I nod, but before I can say anything else Dawn Hudson, the mayor of Sanderson Bay, takes to the stage wearing full ceremonial robes to begin the countdown.

‘As always we have a whole host of volunteers to thank for getting the town ready for tonight in some very wet weather,’ she says. ‘And a special thank you to Eric Andrews and the lifeboat crew for all their hard work. After this there will, as usual, be carol singing over at Eric’s Model Village.’

We all cheer and applaud.

‘Now let’s get these lights switched on!’ Dawn shouts and we begin to count in unison.

‘Five… Four… Three… Two… One…!’


*

Ben finally turns up halfway through “Once in Royal David’s City”.

‘Stop obsessing about Moby’s,’ Sascha whispers at me through gritted teeth when I nudge her. Geoff is singing the bit about the oxen very loudly and slightly out of tune on the other side of me. ‘I’ve told you, where he works has nothing to do with why he’s here, I’m sure of it.’

‘Shhhh,’ Bessie hisses from behind me, poking me in the back with a very sharp finger. Sascha looks at me as though it was me who was talking and we both start singing again.

Carols at the Model Village after the lights switch-on is a long-held tradition dating back to when Eric’s father first built the model village in the 1950s. Everyone is welcome and there is a five-pound entrance fee and all the money goes to the RNLI to help the lifeboat volunteers across the country. After we’ve sung about a dozen carols – both traditional and more bizarre, a recent addition being a song called “I want a Hippopotamus for Christmas” – accompanied by Clara on the keyboard, there’s mulled wine and mince pies for everyone. Carols at the Model Village definitely marks the start of the festive season in the Bay, although tonight I’m not feeling that festive if I’m honest.

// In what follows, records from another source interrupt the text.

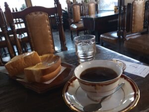 ちょうどお昼前でお腹も空いていたので、分厚いトーストとコーヒー♪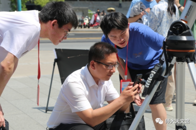 在五舍广场前,天文协会的志愿者们将组装好的天文望远镜对准太阳,进行多次调试,确定在望远镜上可观测到清晰的太阳黑子后,志愿讲解员们开始邀请路人进行观测。精密的仪器与讲解员们的邀请吸引了大批路人驻足观看,志愿讲解员们借此机会向他们讲解与太阳黑子相关的天文知识,并认真回答路人的问题。讲解员们在活动中讲解细微,操作细致到位,得到了路人的称赞与肯定。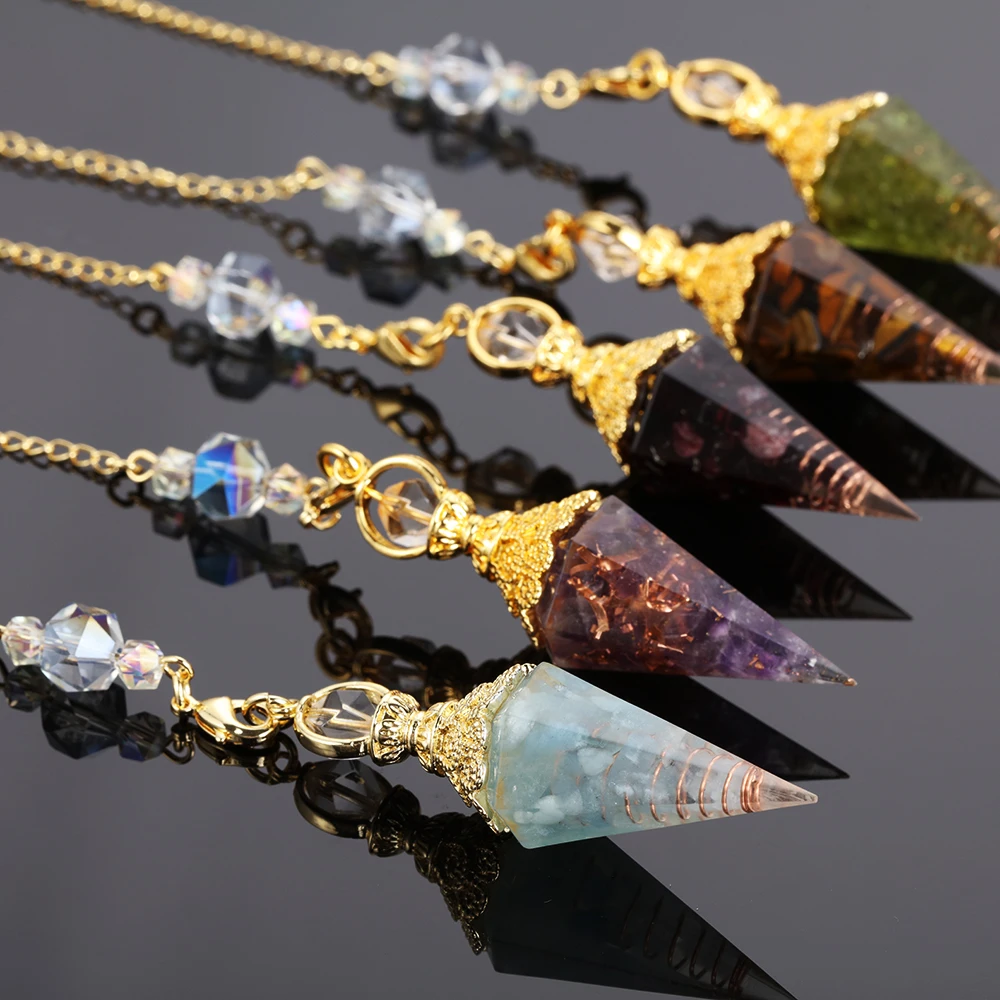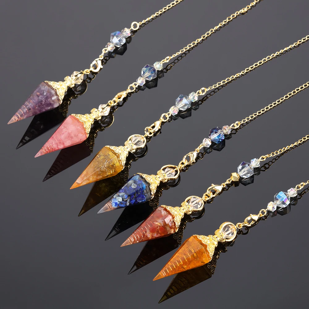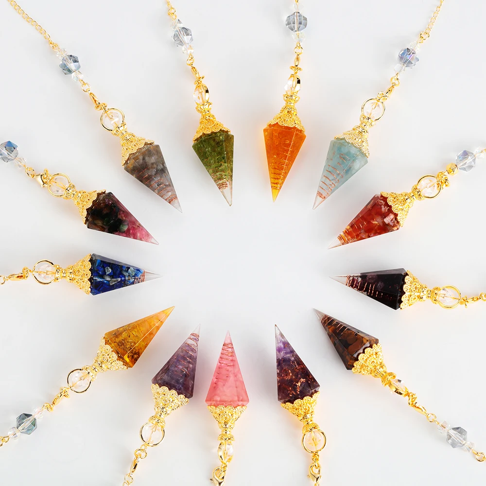 Подвеска в виде каменного маятника из натурального кристалла шестиугольная рейки Йога Пирамида смола подвеска цепь амулет для приданого маятника камень ремесло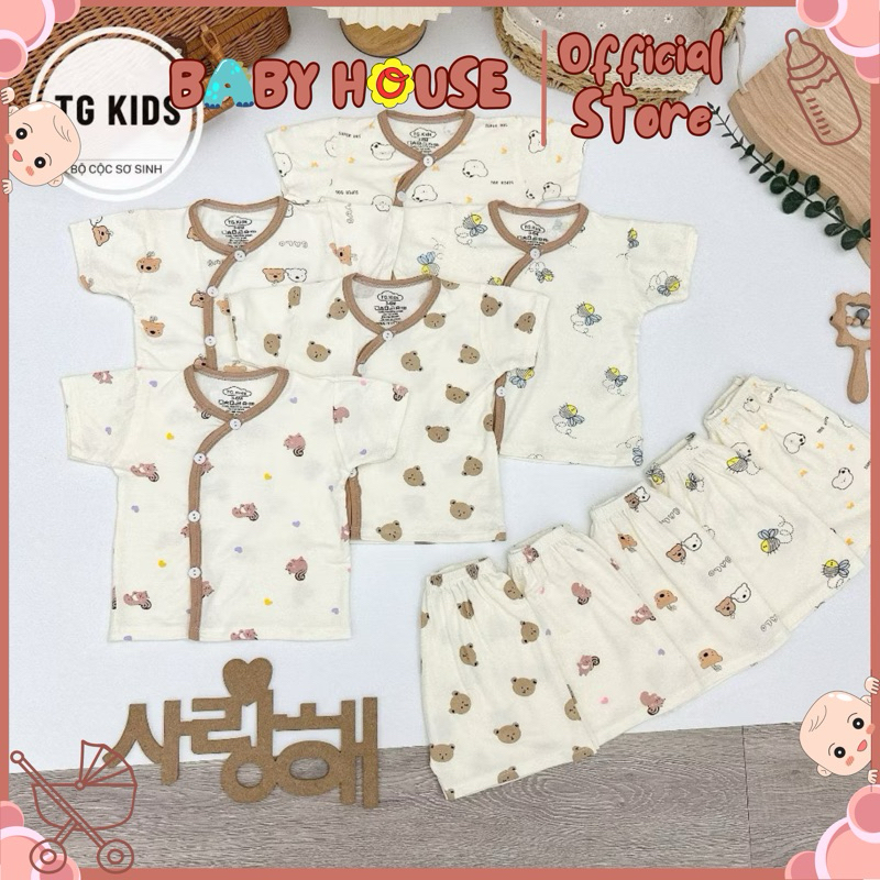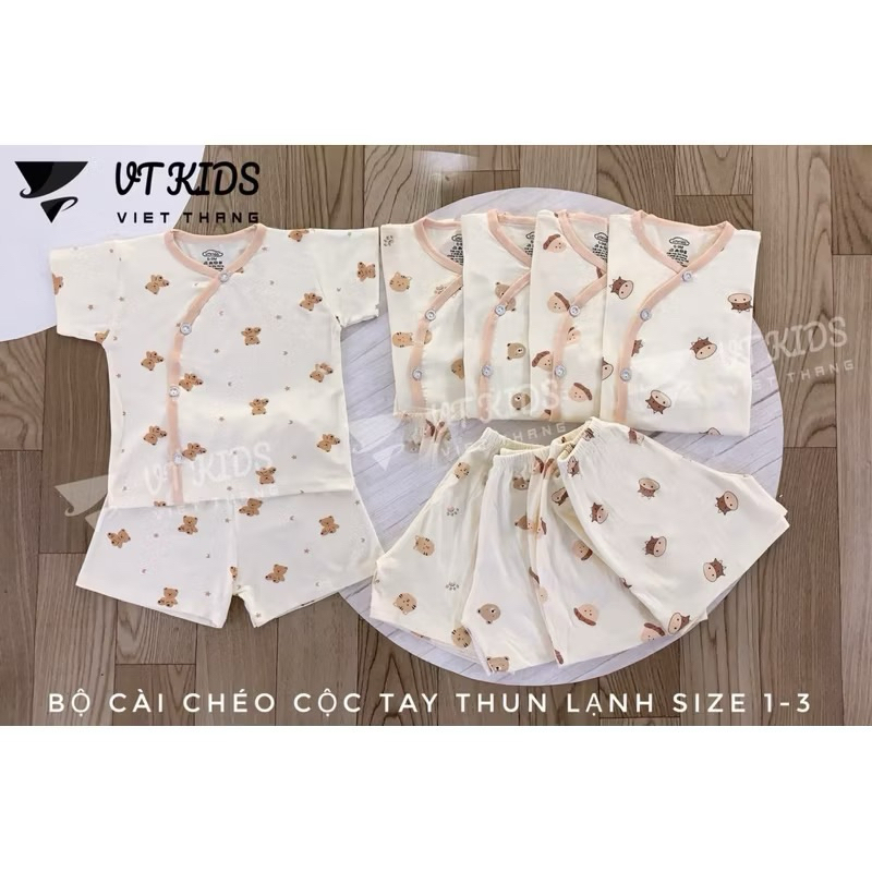 Set 5 Bộ Quần Áo Cộc Tay Thun Lạnh Màu Kem In Họa Tiết Khuy Lệch Cho Bé 0-9 Tháng

I look over at Ben again who is deep in whispered conversation with Eric. I notice nobody is poking him and making him stop talking. Typical.

Then I notice Ben hand Eric a wad of cash in twenty-pound notes. I nudge Sascha again and she looks over, just in time to see Eric take the money from Ben.

‘A bribe for something probably,’ I whisper. But Sascha rolls her eyes and carries on singing. Bessie pokes me in the back again.

‘Could it be,’ Sascha says after the carols are over as she sips from her cup of hot orange squash – the non-alcoholic alternative to mulled wine, ‘that you’re obsessing about him not because he works at Moby’s but because you have feelings for him.’ She drags out the word feelings in a way that makes me feel uncomfortable.

‘No,’ I say abruptly, knowing that she might have hit the nail on the head.

‘Moby’s gave up on the café a year ago when you bought your aunt and uncle out,’ she goes on. ‘Why would they still be sniffing around now?’

I shrug. I know I’m being irrational, but all I can see is that desperate look on Miranda’s face when she told me that the money Moby’s was offering was not to be sneered at and all I can feel is the guilt that I’ve carried around all year because, although I’ve never known the price Moby’s offered, I know it was a lot more than I bought the café off them for. Sometimes I wonder if I did the right thing after all, if I should have asked, no begged, them not to sell to Moby’s and to let me run the tea shop I’d been daydreaming about as I sat in the university library in York not writing my PhD. Should I have let James and Miranda take the Moby’s money while I actually gave that PhD a shot?